Sivakumar Jayapal

ZF is a global technology company supplying gear systems for vehicles and industrial technology. ZF Wind Power designs modular gearbox platforms and produces complete powertrains for wind turbines. Sivakumar Jayapal, Chief Service Officer at ZF Wind Power, talks with Windpower Engineering & Development about its new interactive service Thrive.

Below is an excerpt of ZF’s Wind Spotlight with Windpower Engineering & Development, but be sure to listen to the full episode here or on your favorite podcast app.

What is Thrive?

Thrive is ZF Wind Power’s new service brand, which we launched in 2022. As a global leader in the wind industry for the gearbox and powertrain, we aim to empower a sustainable future with our partners by our service offerings. Our unique service concept helps our wind park operators, consumers and customers to get the most from the wind power to generate limitless green energy. “Thrive” means to prosper, to be fortunate. We embody that definition to the power of our service. For us, service is not reactive, but rather being proactive. It is not only about maintaining and keeping the wind turbines alive, but about continuously optimizing to thrive and prosper.

What does Thrive’s tagline ‘For continuous availability’ mean?

With Thrive, we strive for continuous availability for our partners and their wind projects. Thanks to our customer-centric mindset, availability of the gearbox and the spare parts along with our global footprint, we can ensure the wind power continues to reach consumers 24/7 through the year.

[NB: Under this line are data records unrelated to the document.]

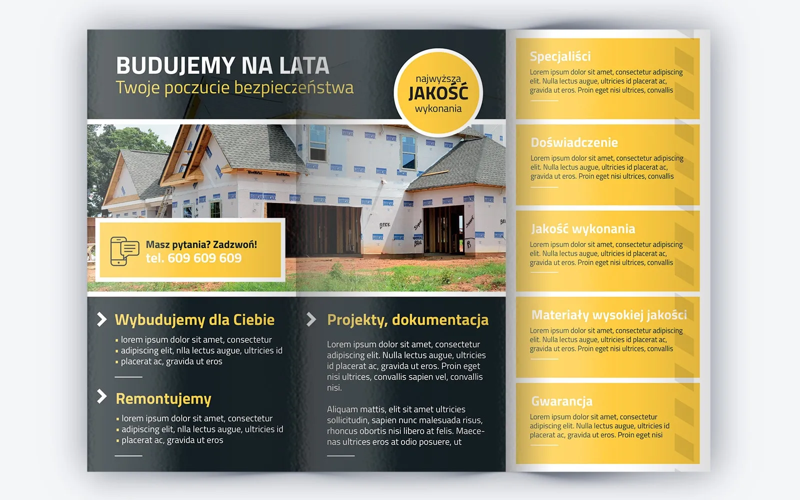 Ulotka remontowa została zaprojektowana w czarno-żółtej kolorystyce, z wieloma elementami graficznymi. Niektórymi z nich są ramki, które sprawiają, że zawarte w niej informacje reklamowe są czytelne i wyraziście ulokowane. Pierwsza strona szablonu zawiera na górze logo w postaci domku z wkomponowaną nazwą firmy oraz duże zdjęcie tematyczne budynku w stanie surowym zamkniętym. Pod spodem zaplanowano miejsce na hasło reklamowe, w tym przypadku to „Usługi budowlane”. Niżej znajduje się wypunktowane trzy najważniejsze nisze firmy czyli np. budowa boków, budowa domków jednorodzinnych, budowa małej architektury.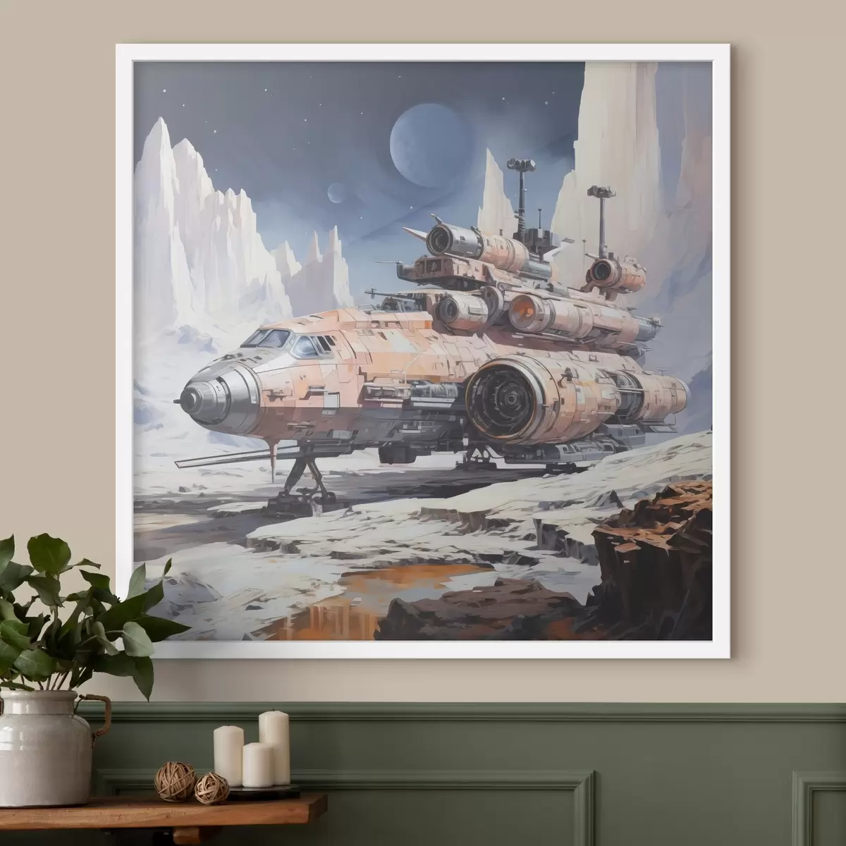 Постер на стіну Космічний корабель у стилі кіберпанк стоїть на поверхні Місяця в космосі серед гір, синій, бежевий, білий колір Nr f39114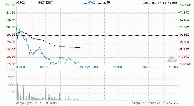 翰森制藥上市翌日高位回吐 現(xiàn)跌近9.74%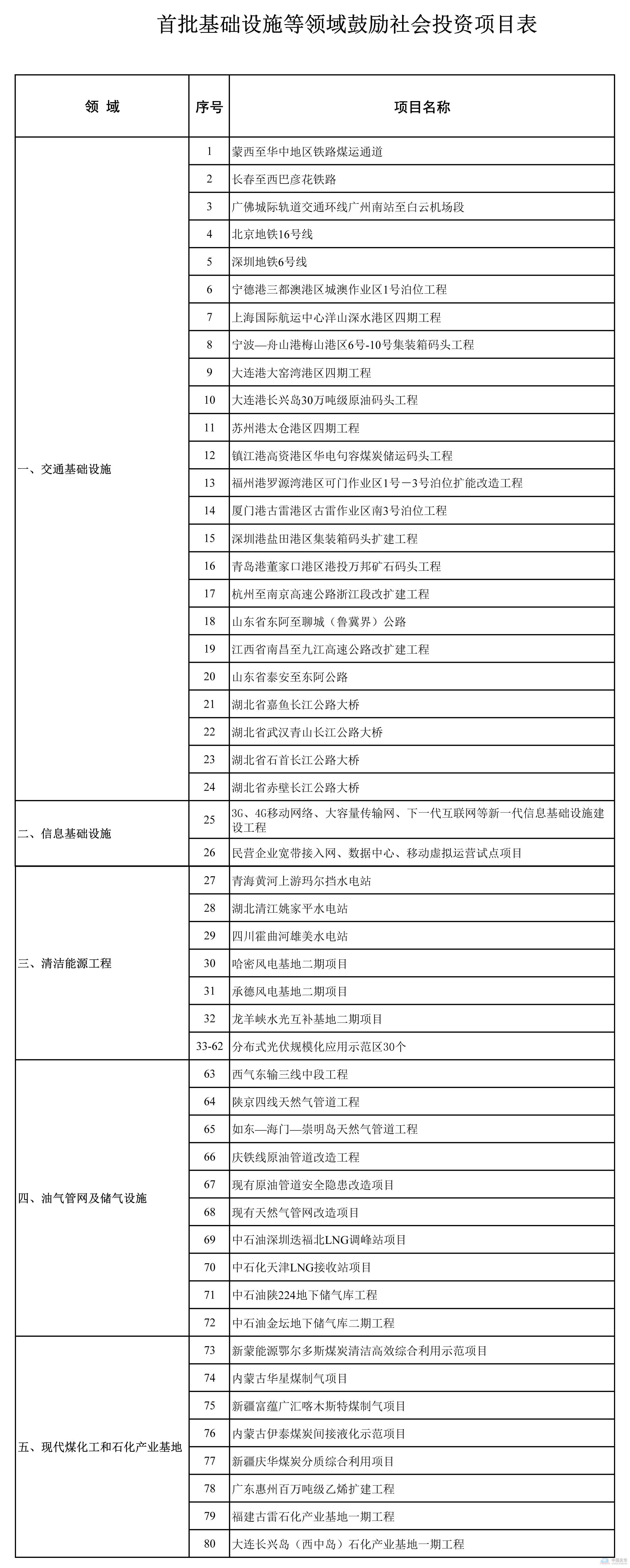 一、首批推出的基礎設施等領域鼓勵社會資本參與的80個項目涵蓋鐵路、公路、港口等交通基礎設施,新一代信息基礎設施,重大水電、風電、光伏發電等清潔能源工程,油氣管網及儲氣設施,現代煤化工和石化產業基地等方面,鼓勵和吸引社會資本特別是民間投資以合資、獨資、特許經營等方式參與建設及營運。

How do you guarantee this availability?

Thrive offers a complete service package. We bundled everything together, including worldwide field support, workshop repairs in 90 days, global replacement pool, spare part management, and we also train our partners. All these are supported by our unique digitalization approach, a service powered by analytics. This includes different digital offerings like ZF’s customer dashboard, intelligent powertrain, spare part optimization. We also work as partners with our customers and tailor our offerings to their preference. That’s key because it’s not that they have to get the full package. There is no standard or a fixed approach. We always develop a personalized package together with our partners, which suits their business model, they have a choice to select in any six of our offerings.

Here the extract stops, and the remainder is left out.